Virginia Copperleaf (Acalypha virginica) is a tall, branched summer annual that can grow three feet tall.

Virginia Copperleaf (Acalypha virginica) is a tall, branched summer annual that can grow three feet tall
Jackie Jordan, © 2019, Clemson Extension

Virginia copperleaf is a tall, branched summer annual that can grow three feet tall. It takes its name from the copper colored leaves of its late summer color. This weed is a North American native that is found from Maine to Georgia and as far west as Texas and north to South Dakota. It is a member of the spurge family and is poisonous, but it does not have the milky sap that is typical of other family members. The simple leaves are oppositely arranged on the stems when the plant is a young seedling, but they change to an alternate arrangement as the weed matures.

Another name for Virginia copperleaf is Virginia three-seed mercury.

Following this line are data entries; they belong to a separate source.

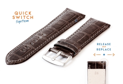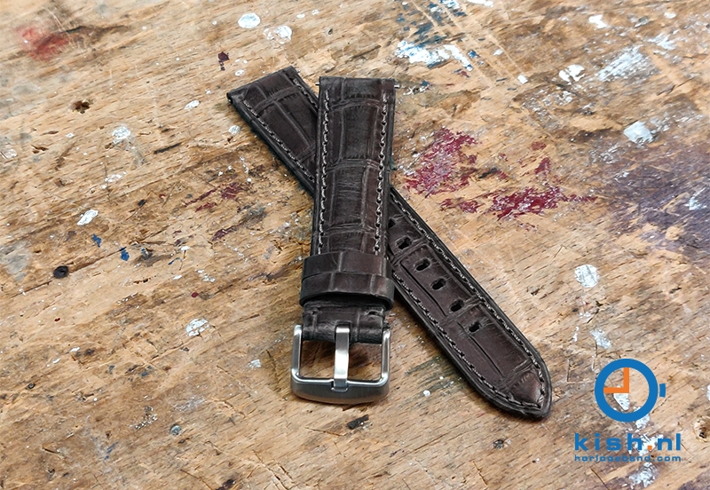 Premium horlogeband 24mm croco leer. Het horlogebandje is gemaakt van de beste kwaliteit kalfsleder en tot in detail afgewerkt. De grijze stiksels zijn met de hand gestikt, wat goed bij de grijze alligator toplaag kleurt. Deze universele horlogeband is bij de gesp- en bevestigingszijde extra verstevigd, zodat uitscheuren bijna onmogelijk is.
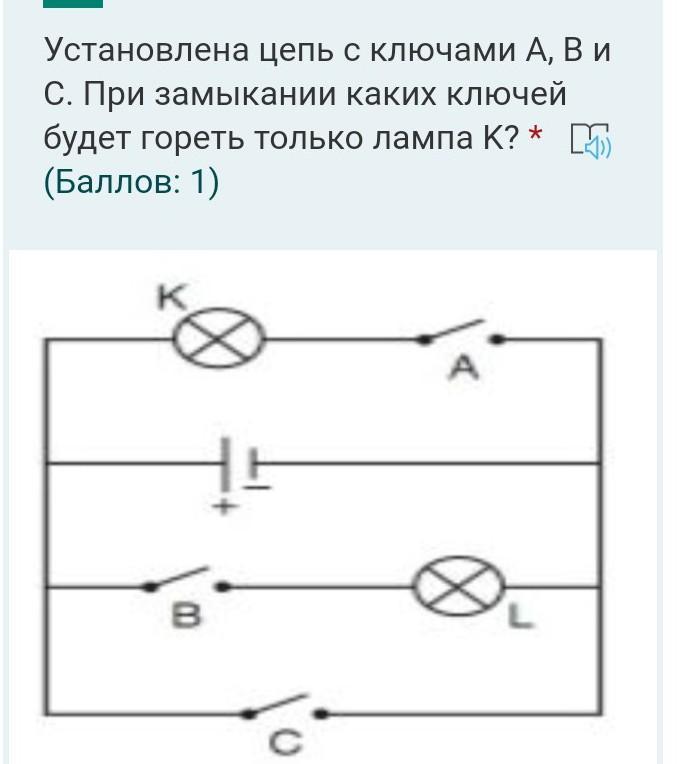 Установлена цепь с ключами A, B и C. При замыкании каких ключей будет гореть только лампа K? ЗАРАНЕЕ СПАСИБО
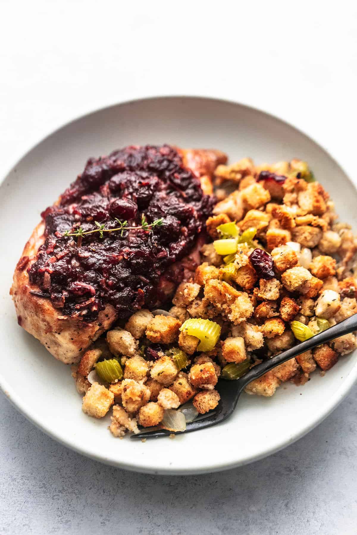 “Sheet Pan Cranberry Chicken and Stuffing is a one-dish, delicious alternative to roasted turkey and stuffing. This meal contains all the holiday flavors you love — juicy, tender, perfectly baked poultry topped with a tangy cranberry sauce and buttery, savory stuffing — made in a fraction of the time. “. Recipe: LaCremeDeLaCrumb.
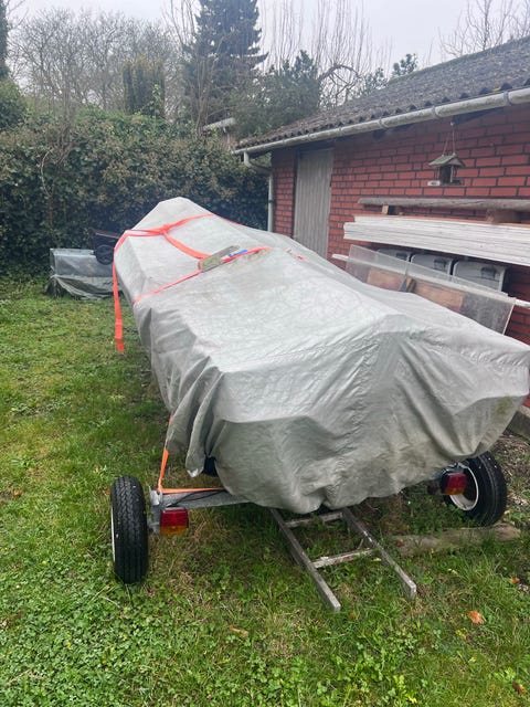 Jolle incl mercury 6,5 hk. Påhængsmotor
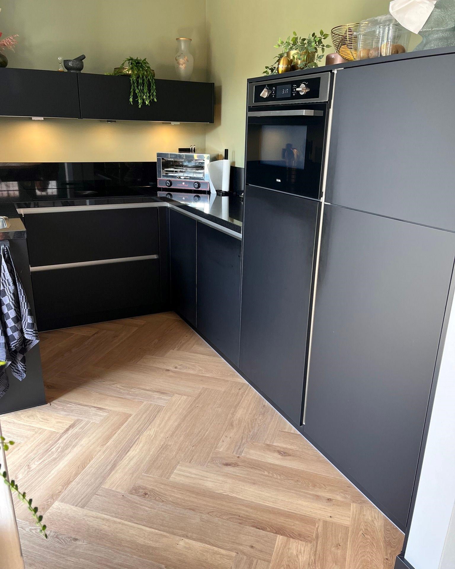 Meister mat gelakte houten vloer en matchende visgraat laminaat vloer
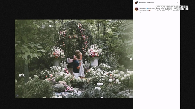 美國流行音樂天后泰勒絲,跟球星男友凱爾西訂婚了,她在IG公布喜訊,還秀婚戒照片。
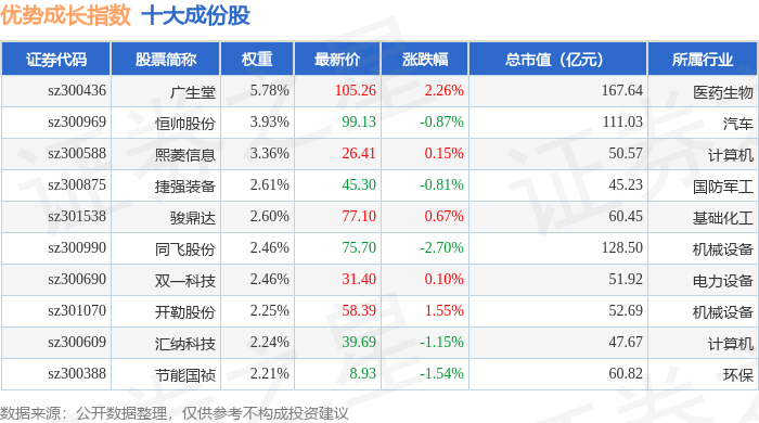 证券之星消息,11月11日,优势成长(399698)指数报收于52274.99点,跌0.04%,成交95.13亿元,换手率2.13%。当日该指数成份股中,上涨的有27家,壶化股份以6.9%的涨幅领涨,下跌的有22家,易天股份以5.5%的跌幅领跌。
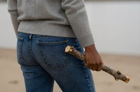 Closeup of human with hands palms on buttocks ass in jeans trousers.
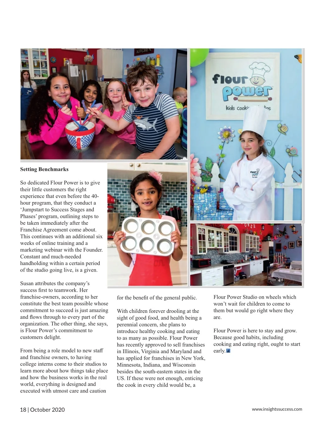 S 19 years in the US: ample these statistics about obesity in children and adolescents aged between 2 and - At 18.5% it affects close to 13.7 million children and adolescents. - At 13.9% among 2 to 5-year-olds, 18.4% among 6 to 11-year-olds, and 20.6% among 12 to 19-year-olds. (source: https://www.cdc.gov/obesity/ data/childhood.html. Page last reviewed: June 24, 2019) Susan Caldwell, Founder and CEO at FlourPower knew all about these too well, as also the struggles that go into getting out of obesity and getting into shape. She should. After all she did feature in People Magazine’s Annual “Half Their Size” issue having lost over 150 pounds. But then unlike others who bask in the glow of an achievement of a lifetime, she did something different, and profound! She began a youth fitness program to teach children about being healthy, which included cooking healthy. What began in 2008 from a single location in Raleigh, grew organically to four corporate locations before farming out franchises in the year 2016. Today, Flour Power is paving its way ahead with 15 franchises in 7 states across the US. The most interesting part in its rise remains the fact that it all started in a gym. “ Flour Power Kids Cooking Studios Where Health and Learning Conjoin From being a role model to new staff and franchise owners, to having college interns in the studios learning how the studio operates and how the business world works, everything we do is done with commitment, and the customer in mind. ” 16 | October 2020 www.insightssuccess.com
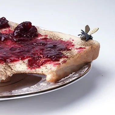 Max Danger, Copenhagen, a prize winning Royal College of Art graduate who finely carves, using modified sewing needles, gorgeous golden bees – Bee Pins on jammy toast, a Honey Drop gold Pinky ring and even a Bee Tea Infuser. All inspired by his research into urban bee keeping highlighting the vital role bees play in our lives.
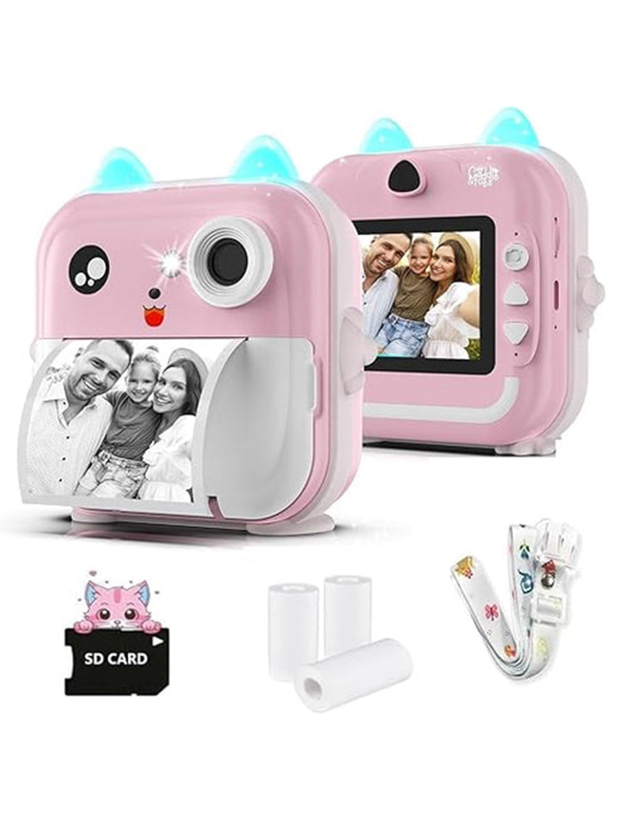 Imported Best Quaity Instant Print Camera For Kids - 1080P HD, 48MP, SD Card, Bluetooth, Free App, 3 Rolls Print Paper, Stickers, Fun Filters, Gift For Boys And Girls - Pink Camera For Kids 4-12 Y (Pink)
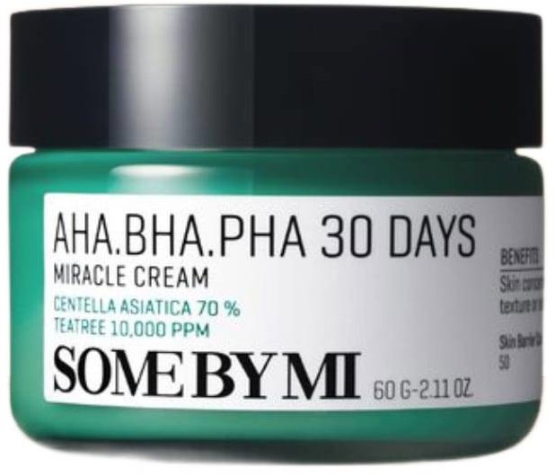 Krém na tvár – vhodný na atopickú, ekzematickú, citlivú, mastnú, normálnu, problematickú, zmiešanú, suchú a zrelú pleť, vyhotovenie: kórejská kozmetika a ekologické, vyživujúci a detoxikačný, pre vekovú skupinu 18+ Krém SOME BY MI AHA BHA PHA 30 Days Miracle Cream predstavuje intenzívne upokojujúci a regeneračný prípravok, ktorý pôsobí proti nedokonalostiam pleti už počas 30 dní. Obsahuje komplex exfoliačných ky
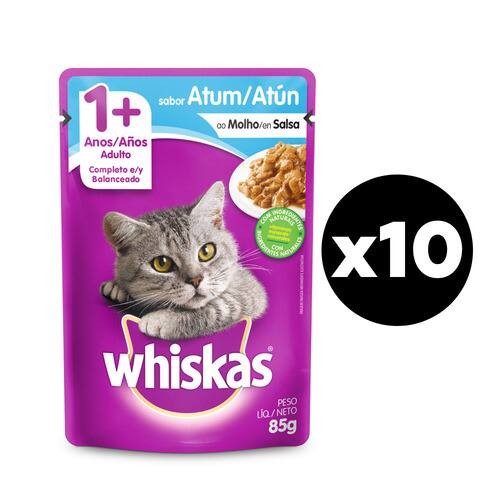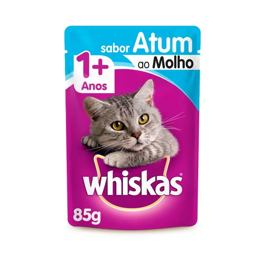 Ração Úmida Para Gatos Adultos Sabor Atum Ao Molho Whiskas 85g

The weed has both male and female flowers that are produced separately on each plant. Its flowers are wind pollinated, and each seedpod holds three egg-shaped seeds.

Virginia copperleaf grows in sunny to part shade locations. It is often found in flowerbeds and naturalized areas. The weed has a taproot, but it is easily pulled up for control. A three-inch layer of mulch will help to control Virginia copperleaf and other weeds in flowerbeds. For information on mulch, see factsheet HGIC 1604, Mulch.